Advanced Topics
In a nutshell: Leases require recording both assets and liabilities, giving a clearer picture of a company's commitments.
## Accounting for Leases
Leasing is when one party (the lessee) uses an asset owned by another (the lessor) for a fee. New accounting standards (ASC 842) changed how leases are reported for greater transparency.
### Types of Leases
- **Finance Lease:** Treated like a purchase. The lessee records both an asset and a liability.
- **Operating Lease:** The asset is used temporarily; both right-of-use asset and lease liability are recorded, but expenses are recognized differently.
## Key Steps
1. Calculate the present value of future lease payments.
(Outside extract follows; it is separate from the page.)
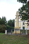A római katolikus templom előtti téren, alacsony kovácsoltvas kerítéssel övezetten szabadon álló Szentháromság szoborcsoport. Talapzata csonkagúlán emelkedő dór oszlop. A talapzat alján felirattal.

2. Record a right-of-use asset and a lease liability on the balance sheet.
3. Recognize interest and amortization expenses (finance) or straight-line lease expense (operating).
## Real-World Impact
Lease accounting affects key financial ratios and borrowing capacity. Transparent reporting helps investors spot off-balance-sheet financing.
PV = \frac{C}{(1 + r)^n}
Examples
- A company leases office space for 5 years and records both a right-of-use asset and a lease liability.
- A retailer enters a 10-year equipment lease, impacting its balance sheet and expense recognition.
Key terms
- Right-of-Use Asset
- An asset that represents a lessee's right to use a leased asset over the lease term.
- Lease Liability
- A liability reflecting the present value of future lease payments.